1 Introduction
For some time now, zbMATH Open has been offering its services in various formats and through different media. Biweekly printed volumes for long decades in the past, distribution via CD-ROMs and DVDs, and the now standard (and only) access option as an online service, have been incarnations of the service over the years. Typography and design have changed many times in the printed volumes as well as the online version. Furthermore, the online version has offered new ways of distributing the data for specific purposes. The contents of zbMATH Open are available in HTML, BibTeX, and PDF form, as well as via an XML-based OAI-PMH API (more on these three-letter acronyms below). In 2023 a new option was added, a so-called REST API, which makes the data available in a machine-readable fashion, for automated use by researchers. We will outline the features of this new API and describe new use cases made possible by this new way of accessing zbMATH Open.
2 Why do we need APIs?
API is an acronym for “application programming interface.” It denotes any part of a software system that makes it accessible through programs and machines, as opposed to human users, and is an important part of technology for software developers. The “interface” component of an API is a system that allows two or more software programs to interact and understand each other without communication problems. One could think of it as a sort of intermediary that helps software programs share information with each other.
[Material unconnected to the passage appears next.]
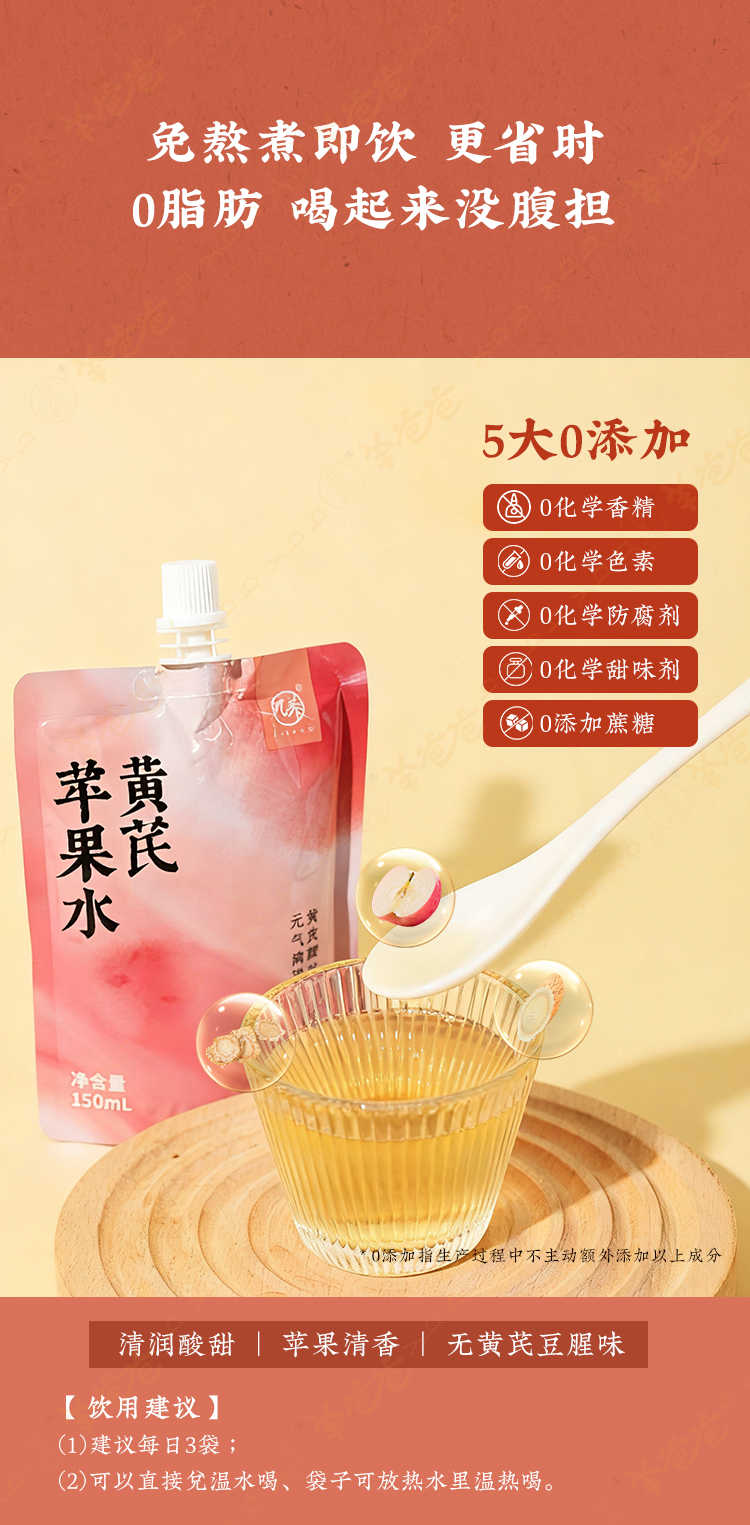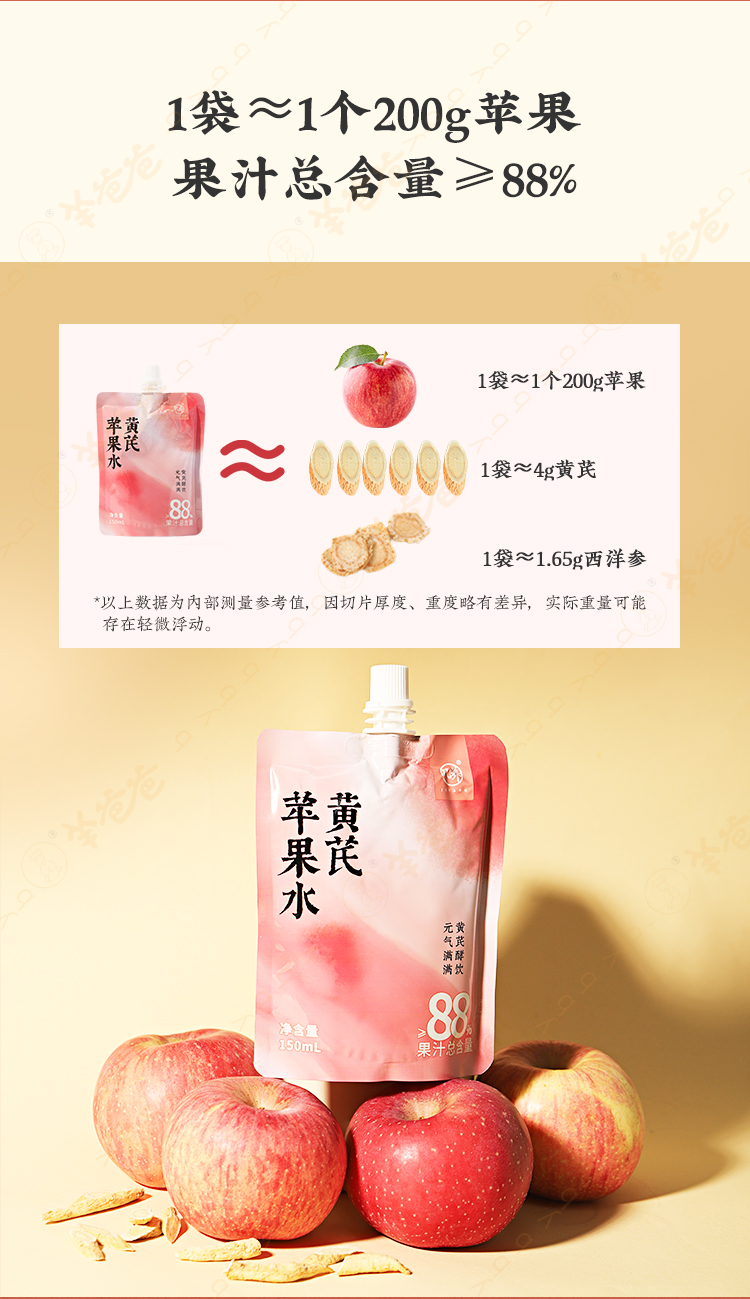 补货中,预计12月底到货【黄芪苹果水】几养|开袋即饮 不惧熬夜,红润透亮 喝出素颜肌

Creating an API establishes a common language for wildly divergent systems to communicate to each other. Instead of having to learn each other’s specifications, both entities can interact in a common format, which can also be used by any other application or service. The so-called OpenAPI Specification defines a standard, language-agnostic interface to HTTP APIs. This allows both humans and computers to discover and understand the capabilities of the service without access to source code. The user can understand and interact with the remote service with a minimal amount of implementation effort. An OpenAPI definition can then be used by documentation generation tools to display the API, code generation tools to generate servers and clients in various programming languages, testing tools, and many other use cases. This provides advantages for users and data providers alike, granting access in a machine-readable, automatable way for interested partners, e.g., research groups.
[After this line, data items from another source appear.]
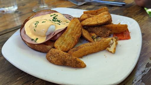 Let me start with the decor, its awesome. The space is open and inviting. It has a large bar, and both indoor and outdoor lounge style areas w/ couches chairs, tables, etc. A real pleasant waiting spot if tables are full :) My party of 3 arrived on a Saturday right around Noon, and were seated outside upon request. They initially didnt offer it outside because the tables were currently in the sun, but we didnt really mind and once asked for they were quick to comply. Since it was Saturday, that means it was Brunch time. So we got to order from the Brunch Menu. The following items were ordered: Trio of Fries -These were very good, all 3 of them. Crispy and full of flavor. My personal favorite was the Sweet Potato, but the other 2 options were also good. And you got a ton of Fries, just like you should for a fry appetizer. Chicken & Waffles -Full of flavor. The Chicken was crispy and moist. The waffle was well cooked and the maple pecan butter was full of flavor. And to top it off the gravy was creamy and peppery. Seared Ahi Tuna Sala -My wife got this and she enjoyed the dish. She did report that it was a bit salty in some spots though, but she ate most of it, so Im not dropping the score. Kids Grilled Cheese & Tomato Soup -My daughter got these, and her reports were pretty positive. She ate the whole grilled cheese, which is kind of a rarity. The Price for everything was fair in my opinion as well. Id definitely return here.
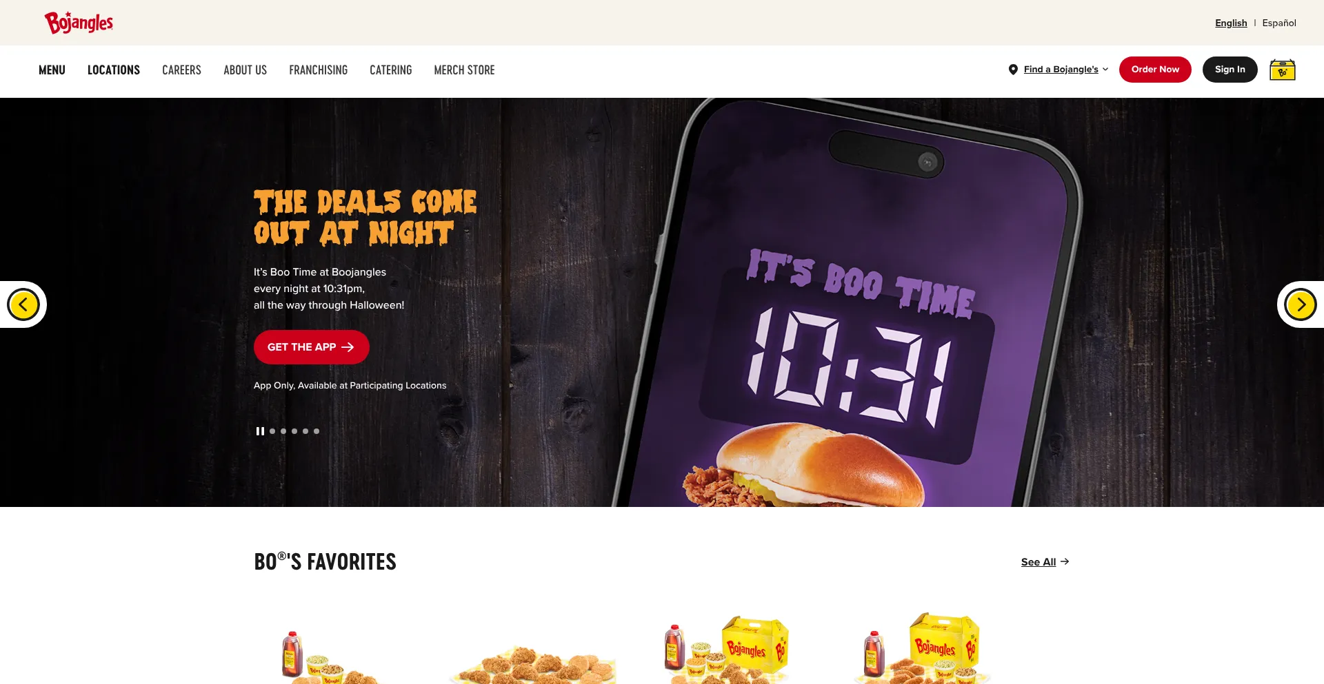 bojangles.com dispose d'une application mobile iOS disponible, indiquant une accessibilité multiplateforme pour les utilisateurs d'appareils Apple.
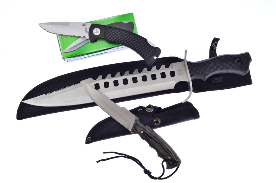 This set is a great addition to any collection. You'll get five of the 5" Black Rubber Tactical Folders, one of the 9" Silver Wood Bowies, featuring Stainless Steel Pins, one of the 16" Black Rubber Bowies, featuring Vented Blade. You won't find a lower price anywhere!
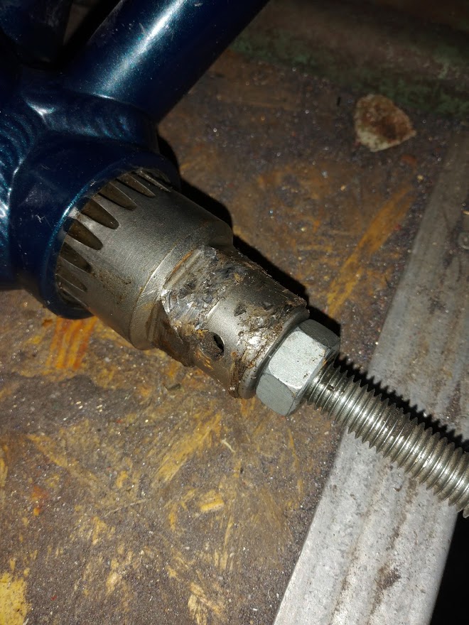 Największy problem sprawił suport... Zapieczony na amen. W ramie było też wkręcone lewe ramię Lx i miało zerwany gwint. Ściągacz z gwintem stożkowym dał radę bez problemu, ciężko było ucelować żeby się prosto wkręcił ale dałem radę. Tak zapieczonego suportu jak w tej ramie nie miałem nigdy. Złamałem klucz 24 z przedłużką jakieś 120 cm. Odwróciłem na oczkowy i coś puściło ale to dosłownie pykło i nic... Stawałem nogą na przedłużce i coś tam drgnęło. No to co klucz do imadła i próbowałem kręcić całą ramą.... Klucz objechał w imadle kilka razy. Cóż robić ?? nic tylko dospawałem 4 kawałki blachy w pracy żeby była większa powierzchnia trzymania ... Stosuję i idzie ale topornie ale widzę że moje imadło coś zwiotczało... yyyy no se pękło !! sprawdzam i nie dowierzam
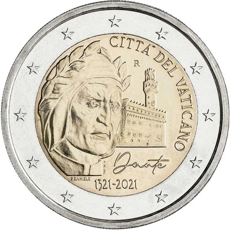 Opis: Głównym motywem monety jest wizerunek Dantego i sylwetka Palazzo Vecchio we Florencji. W prawej górnej części biegnie półkoliście nazwa kraju emisji „CITTÀ DEL VATICANO”. Na dole znajduje się napis „Dante”, zaś poniżej – lata „1321−2021” oraz inicjał imienia i nazwisko artysty „P. DANIELE”. W otoku monety widnieje 12 gwiazd z flagi Unii Europejskiej.
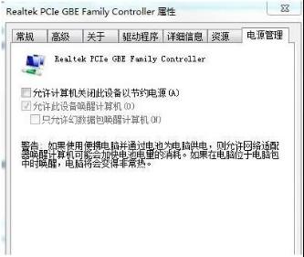 4、在打開的屬性窗口中,切換到“電源管理”選項,取消“允許計算機關閉此設備以節約電源”。
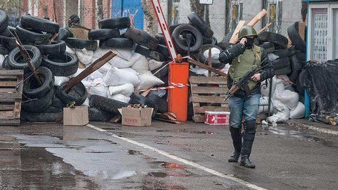 De hecho, la operación antiterrorista anunciada por las autoridades de Kiev no tuvo lugar dentro de la ciudad, donde la comisaría tomada el sábado seguía en manos de milicianos que se han hecho con las armas allí guardadas. Tres filas de barricadas protegen el acceso a la comisaría.
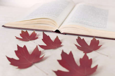 Red maple leaves lie in front of an open book. The concept of starting education and returning to school

3 The OAI-PMH API of zbMATH Open
In 2002, an informal organisation of providers of repository services called the “Open Archives Initiative,” or “OAI” for short, created a common protocol that allowed users to automatically harvest metadata from such a service in a unified way using programmatic tools. Unsurprisingly, this was called the “Protocol for Metadata Harvesting,” or “PMH.” It is supported by numerous providers of scientific or other databases. In mathematics, of course, by far the largest of them is the arXiv. In September 2020, zbMATH Open started to support this protocol as well.1Available at oai.zbmath.org. For further information, see [2 M. Schubotz and O. Teschke, zbMATH Open: Towards standardized machine interfaces to expose bibliographic metadata. Eur. Math. Soc. Mag. 119, 50–53 (2021) ].
The obvious advantages of using such a common protocol are that it is well established, easy to implement, and has a substantial positive impact on working mathematicians. Aggregators, archives, and bibliometric researchers commonly use the OAI-PMH, and there are ready-made client libraries available in every major programming language. Furthermore, this protocol is well suited for harvesting the entire open collection of zbMATH Open document data.2The data made available through the OAI-PMH API is provided under a CC-BY-SA 4.0 license, as are all other data offers by zbMATH Open made through APIs. Legal constraints by publishers that are outside the control of zbMATH Open are currently restricting the amount of data that can be distributed through APIs. Moreover, it is possible to restrict the harvesting process to well-defined subsets, and to only consume updates since the last download, obliterating the need to download all the data every time.
4 Why do we need another API?
Although the OAI-PMH API has numerous advantages – not least among them its widespread adoption – it also has various shortcomings:
The standard format supports only a very limited set of metadata (although additional formats can be defined).
It is XML-based only.
It only supports filtering by time and by subset.
It is only designed to retrieve data, not to update or add any.
Due to this lack of flexibility, we decided to create a new REST API for zbMATH Open, with the OAI-PMH API as a starting point. The acronym “REST” stands for “representational state transfer” and is a style of software architecture that defines how different systems communicate, again improving reusability and interoperability. An API that complies with these REST principles is known as a REST API.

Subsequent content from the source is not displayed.